The sole purpose of the MATLAB worker's decode function is to read certain job and task information into the MATLAB worker session. This information could be stored in disk files on the network, or it could be available as environment variables on the worker node. Because the discussion of the submit function illustrated only the usage of environment variables, so does this discussion of the decode function.

When working with the decode function, you must be aware of the

Identifying File Name and Location

The client's submit function and the worker's decode function work together as a pair. For more information on the submit function, see MATLAB® Client Submit Function. The decode function on the worker is identified by the submit function as the value of the environment variable MDCE_DECODE_FUNCTION. The environment variable must be copied from the client node to the worker node. Your scheduler might perform this task for you automatically; if it does not, you must arrange for this copying.

The value of the environment variable MDCE_DECODE_FUNCTION defines the filename of the decode function, but not its location. The file cannot be passed as part of the job PathDependencies or FileDependencies property, because the function runs in the MATLAB worker before that session has access to the job. Therefore, the file location must be available to the MATLAB worker as that worker starts.

You can get the decode function on the worker's path by either moving the file into a directory on the path (for example, matlabroot/toolbox/local), or by having the scheduler use cd in its command so that it starts the MATLAB worker from within the directory that contains the decode function.

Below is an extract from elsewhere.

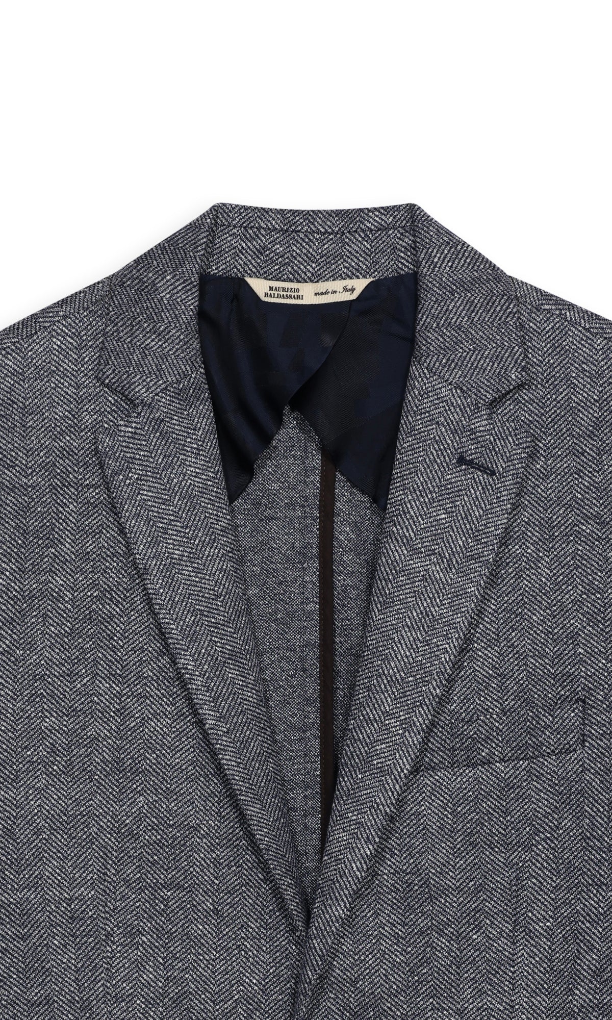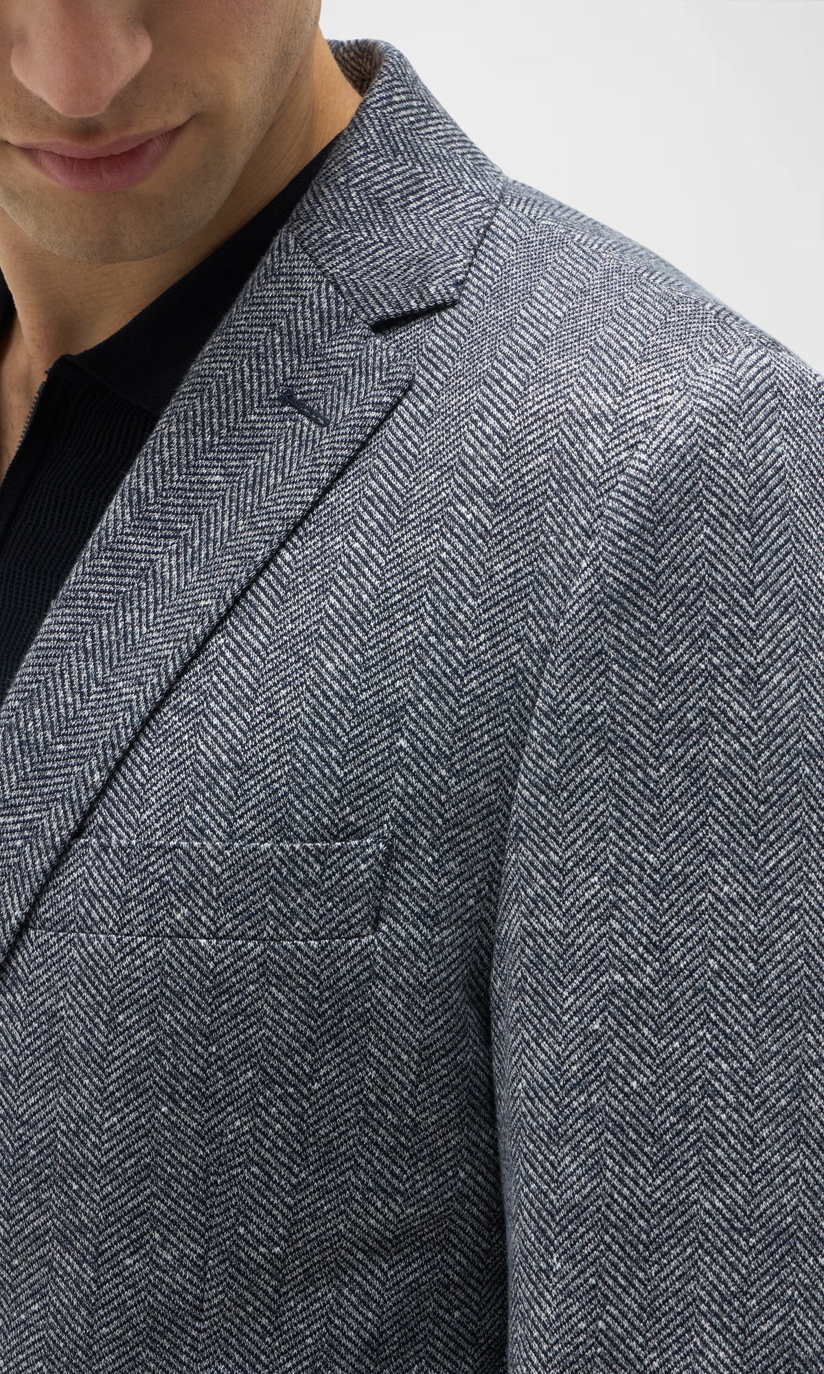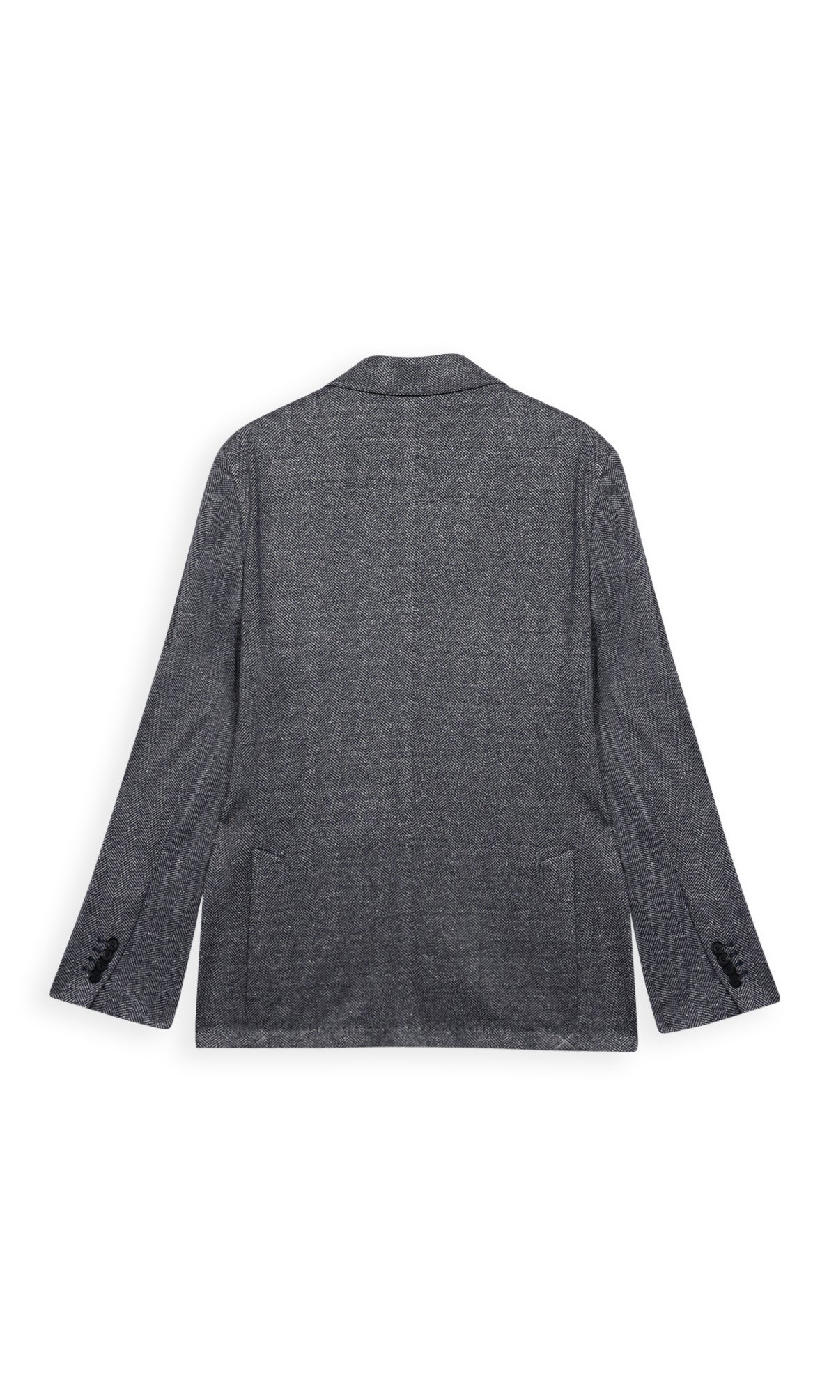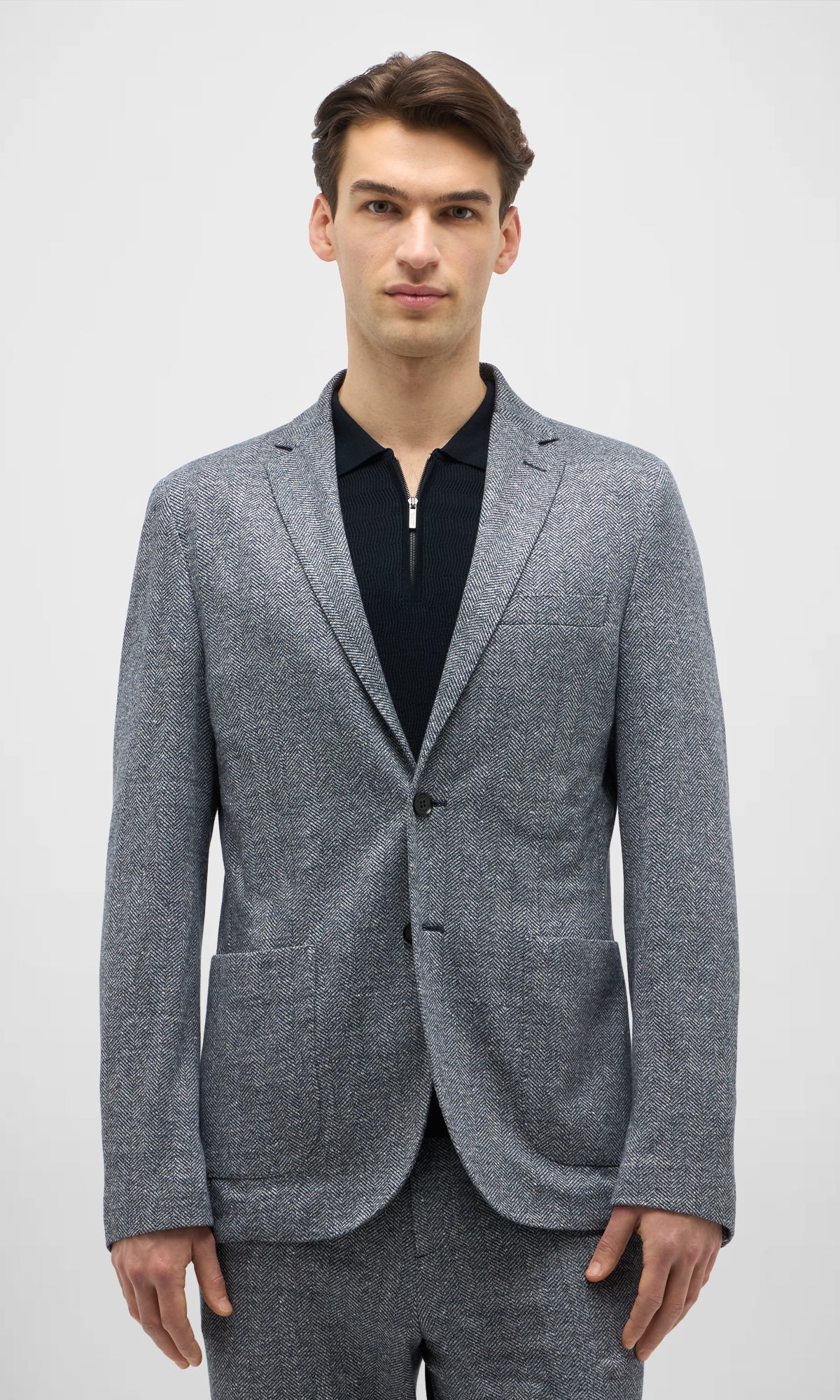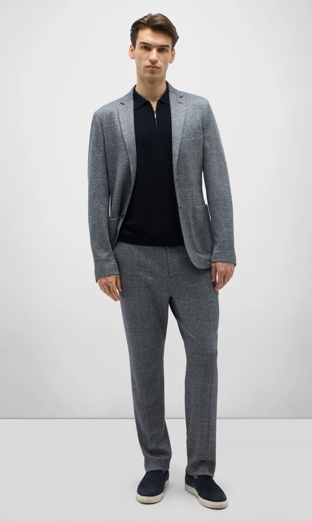 La trama spina di pesce, ottenuta dall’intreccio di due fili di colore diverso, conferisce al capo un carattere più informale e versatile.

In practice, the decode function might be identical for all workers on the cluster. In this case, all workers can use the same decode function file if it is accessible on a shared drive.

When a MATLAB worker starts, it automatically runs the file identified by the MDCE_DECODE_FUNCTION environment variable. This decode function runs before the worker does any processing of its task.

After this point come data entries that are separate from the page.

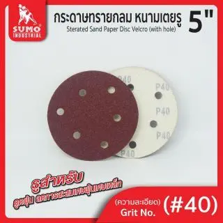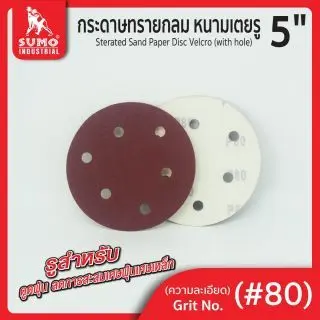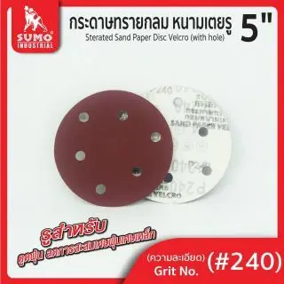 กระดาษทรายกลม หนามเตย 5"x6รู สีแดง #180
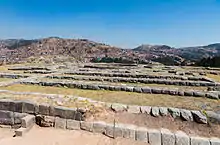 Located on a steep hill that overlooks the city, the fortified complex has a wide view of the valley to the southeast. Archeological studies of surface collections of pottery at Sacsayhuamán indicate that the earliest occupation of the hilltop dates to about 900 CE.[8]
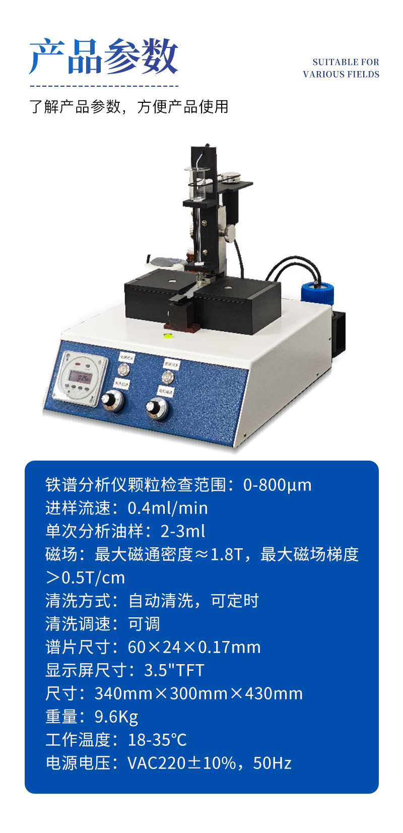 (1)铁谱分析仪颗粒检查范围:0-800μm;
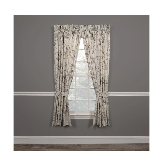 Ellis Curtain Madison Floral Printed Natural Ground 3" Rod Pocket Tailored Panel Pair with Tiebacks 56" x 84" Brick
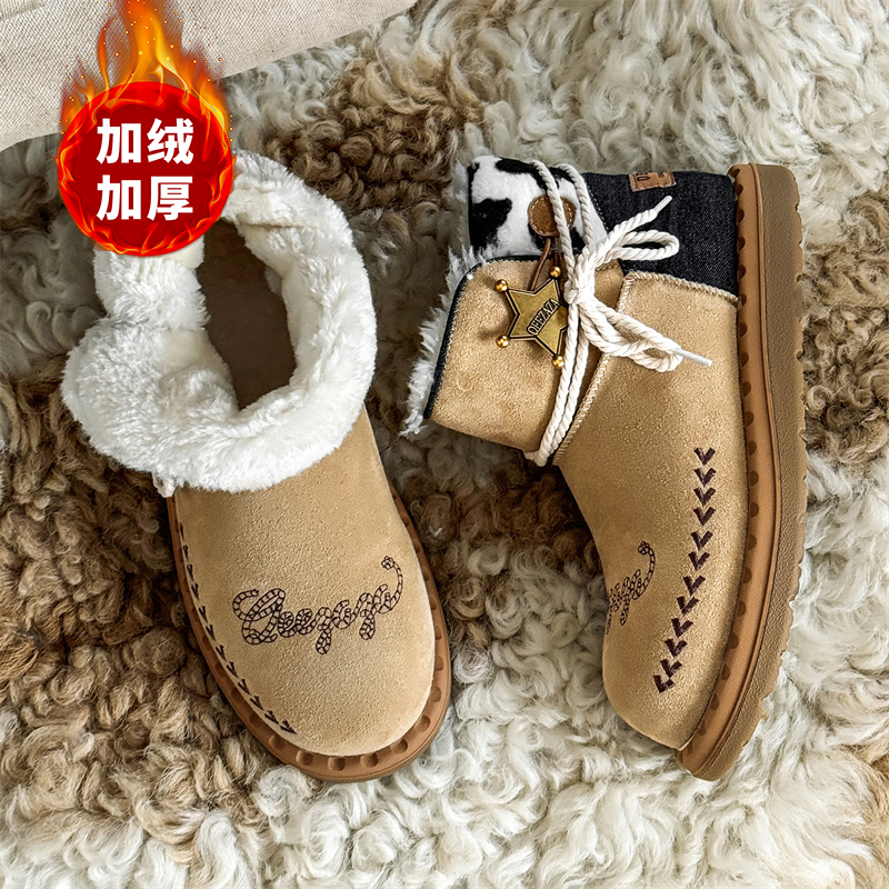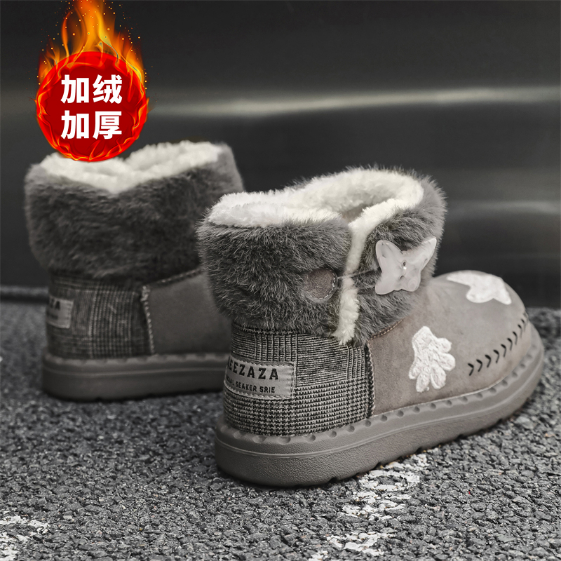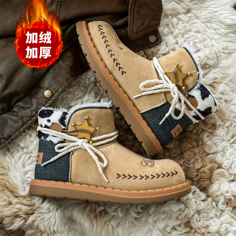 棉鞋 户外防寒皮毛一体短筒情侣款 加绒保暖 冬季 胡迪牛仔雪地靴男鞋

Reading the Job and Task Information

When the environment variables have been transferred from the client to the worker nodes (either by the scheduler or some other means), the decode function of the MATLAB worker can read them with the getenv function.

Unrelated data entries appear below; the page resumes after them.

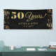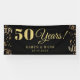 Vestir a su fiesta con esta pancarta personalizada de Fiesta del 50 Aniversario Negro y Oro. Está diseñado con un fondo de personalizable negro moderno y un purpurina de oro falso en los lados delantero derecho e izquierdo. El texto es "50 años" en letras falsas de caligrafía de oro seguido de nombres de pareja y fecha de aniversario. HAGA CLIC EN PERSONALIZAR LA OPCIÓN PLANTILLA Y ESCRIBIR NOMBRES Y FECHA
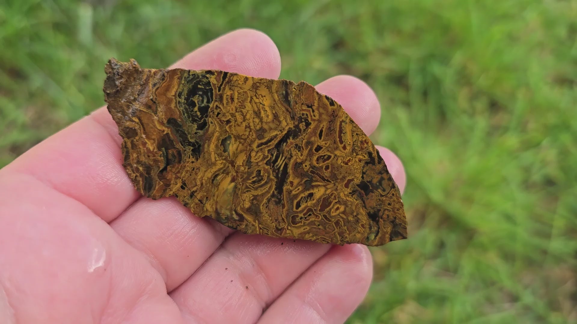 This piece showcases exceptional organic patterns from the Jurassic fossil deposit with bog wood inclusions creating natural designs. The one-of-a-kind formations make this perfect for unusual designer cabochons that stand apart from typical jaspers.
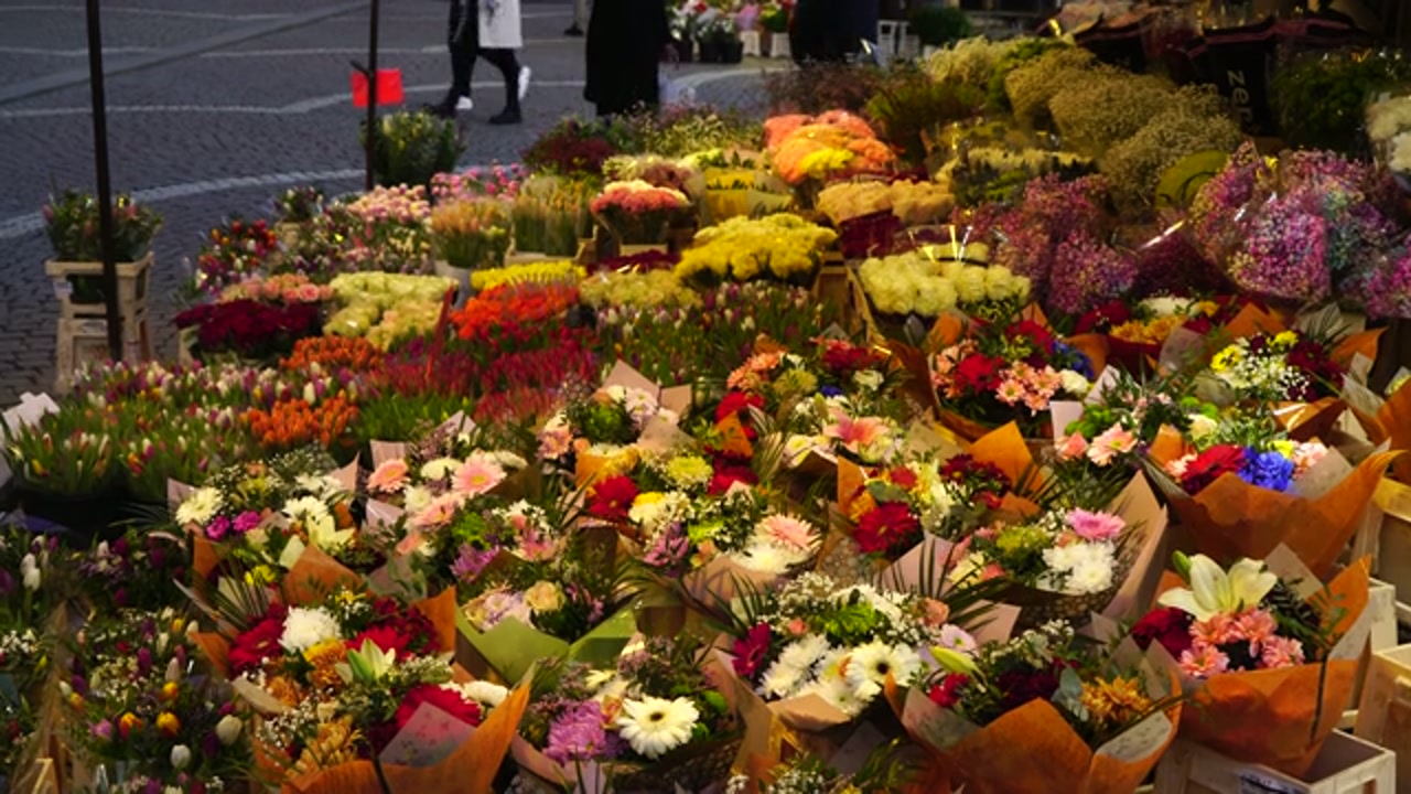 flowers for sale at outdoor market - Hötorget in central Stockholm -

With those values from the environment variables, the decode function must set the appropriate property values of the object that is its argument. The property values that must be set are the same as those in the corresponding submit function, except that instead of the cell array TaskLocations, each worker has only the individual string TaskLocation, which is one element of the TaskLocations cell array. Therefore, the properties you must set within the decode function on its argument object are as follows:

Example — Writing the Decode Function

The decode function must read four environment variables and use their values to set the properties of the object that is the function's output.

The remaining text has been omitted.